A Theory of Jus in Bello Proportionality
Forthcoming in WEIGHING LIVES: COMBATANTS & CIVILIANS IN WAR (Jens David Ohlin, Larry May, Claire Finkelstein eds., 2015)
34 Pages Posted: 13 May 2015 Last revised: 29 May 2016
Date Written: May 4, 2015
The law of armed conflict prohibits attacks ‘which may be expected to cause incidental loss of civilian life, injury to civilians, damage to civilian objects, or a combination thereof, which would be excessive in relation to the concrete and direct military advantage anticipated.' The importance of this legal prohibition, commonly referred to as the principle of jus in bello proportionality, is difficult to overstate. While the precautionary principles regulate how armed forces may pursue particular military advantages, the proportionality principle regulates whether a particular military advantage may be pursued or must be abandoned. Even if attacking forces select weapons, tactics, and targets that best avoid or most reduce harm to civilians, even at their own risk, they must forego one path to victory if the expected civilian losses are too great. Rather than inflict excessive harm on civilians, attacking forces must find another way to win.
An account of jus in bello proportionality must satisfy two apparently conflicting demands. First, such an account must explain how we can rationally compare civilian losses with military advantages. At the same time, such an account must apply symmetrically to all parties to every conflict and independently of the jus ad bellum legality or morality of any party’s overall war effort. Existing accounts of jus in bello proportionality satisfy either one demand or the other. In this chapter, I offer a new account that satisfies both demands. Along the way I hope to answer a number of additional questions that any serious account of jus in bello proportionality must address.
I argue that an attack that inflicts harm on civilians is jus in bello proportionate only if it prevents substantially greater harm to the attacking force or its civilians over the remainder of the conflict. This account of jus in bello proportionality does not compare incommensurable and imprecisely comparable values, only immediate losses to civilians and future losses to civilians and to attacking forces. In addition, this account applies symmetrically to all parties to an armed conflict, independently of the jus ad bellum morality and legality of their use of military force. Attacks that are disproportionate under this account are morally impermissible when carried out by just combatants, and disproportionate attacks carried out by unjust combatants are morally worse than proportionate attacks carried out by unjust combatants. It follows that both just and unjust combatants have decisive moral reasons to avoid attacks that are disproportionate under this account, and the law would guide soldiers well by prohibiting such attacks.

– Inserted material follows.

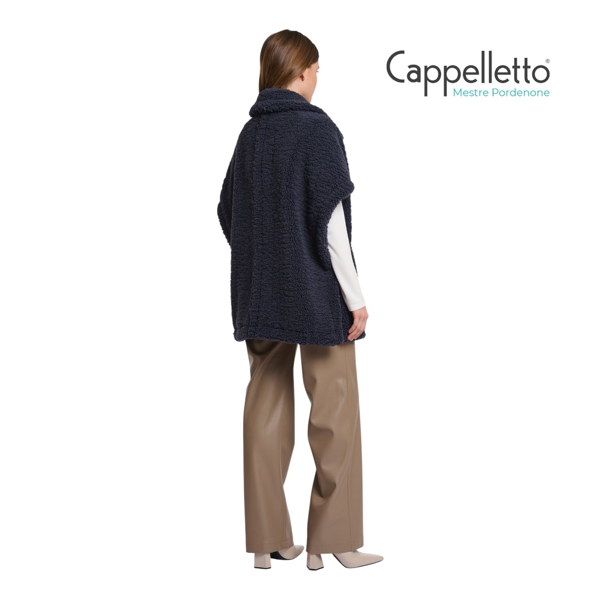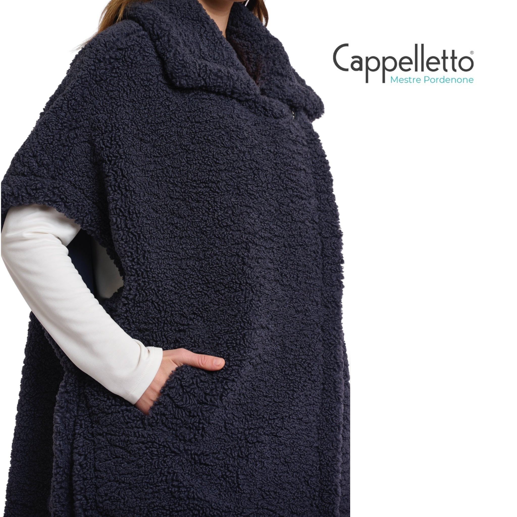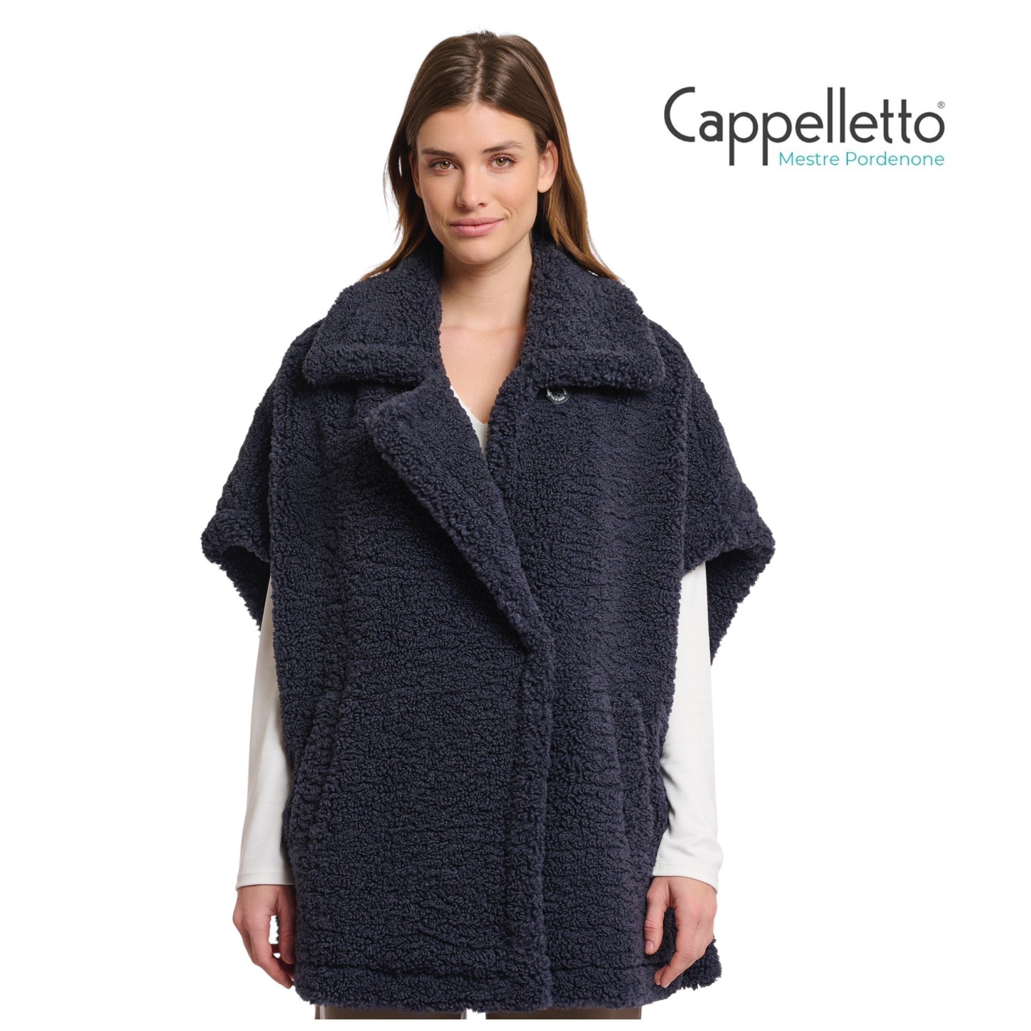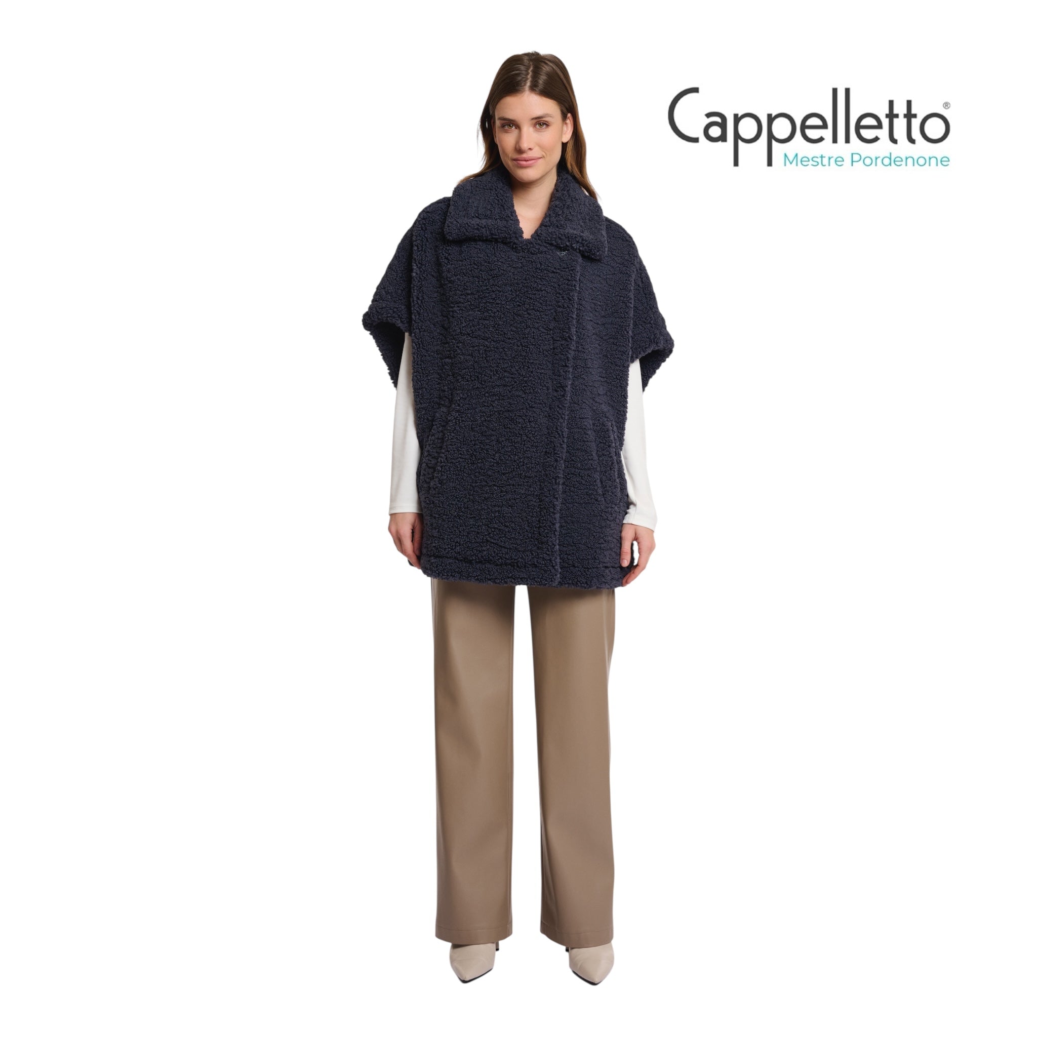 Morbida e lussuosa mantella in peluche. Questa mantella squadrata presenta tasche laterali, chiusura con bottoni, spalle basse e colletto con revers. Questa splendida mantella è perfetta per un look a strati.

My account of jus in bello proportionality is in one way more determinate than existing accounts — for example, it does not compare incommensurable values but instead compares immediate losses to civilians and future losses to civilians and to attacking forces. At the same time, my account must still grapple with the predictive uncertainty inherent in determining whether immediate losses inflicted will be redeemed by future losses avoided. Accordingly, I explore a number of decision procedures and rules of engagement that officers may use to make the best possible decision given the limited information available to them.